Susskind, who called Alabama’s override system “very arbitrary,” said Delaware as a whole rarely imposes the death penalty, and Florida has since added strict rules and regulations that make override possible only in cases where a judge finds the jury’s verdict unreasonable.
Bailey said judicial override is still favorably viewed in some legal circles, but among the lawyers who come to the University’s clinic, it can be a source of devastation.
“The lawyer introduces the defendant to them in such a way that they can have mercy on this defendant,” she said. “And then to have this snatched away by a judge who doesn’t even have the courtesy to say why – when these 12 members of the community, randomly selected, show up and they’re willing to have mercy. It’s crushing for the lawyers.”
Other trends can also be reflected in judicial override figures. Susskind said there are signs of race bias, and the EJI report said 92 percent of overrides passed down by elected judges overturn a life sentence and impose the death penalty.
Bailey said this stems from the impression of judges who use the death penalty as being “tough on crime” a favorable image come election time.

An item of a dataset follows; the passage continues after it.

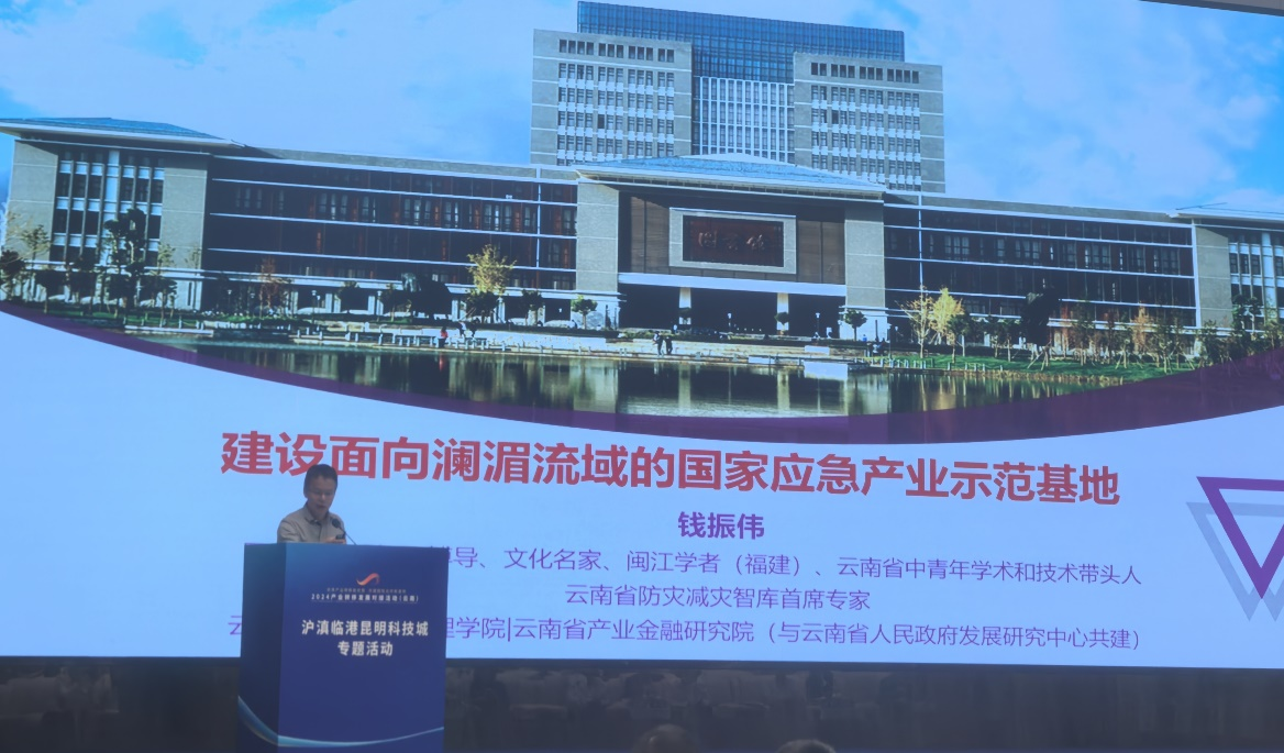 管理学院二级教授、博士生导师、云南省中青年学术和技术带头人、云南省防灾减灾智库首席专家钱振伟教授作了《建设面向澜湄流域的国家应急产业示范基地》的报告,他详细解剖中国应急产业发展现状,指出云南应急产发展的模式、路径和发展定位,即“主动融入和服务国家战略,充分利用沪滇合作机制,承接长三角应急产业转移,做好应急关键产业备份,建立立足云南、面向全国、辐射澜湄流域的国家安全应急产业示范基地。

However, she said the judicial override system reflects not just on judges but those who elect them.
“Nobody wants to be involved in a capital murder case,” she said. “It’s not a question of wanting to be involved in the system. It’s the fact that the system exists and it reflects on each and every person in the state of Alabama.”
Bailey and Susskind said the only fixes will come from the legislative and judicial systems, but that hasn’t stopped UA students or Sotomayor from voicing their opinions.
Andrew Grace, director of Documenting Justice at the University and co-teacher of “Anatomy of a Trial,” a class that deals with capital punishment, said he has had arguments with friends who insisted the override system could not exist as he described.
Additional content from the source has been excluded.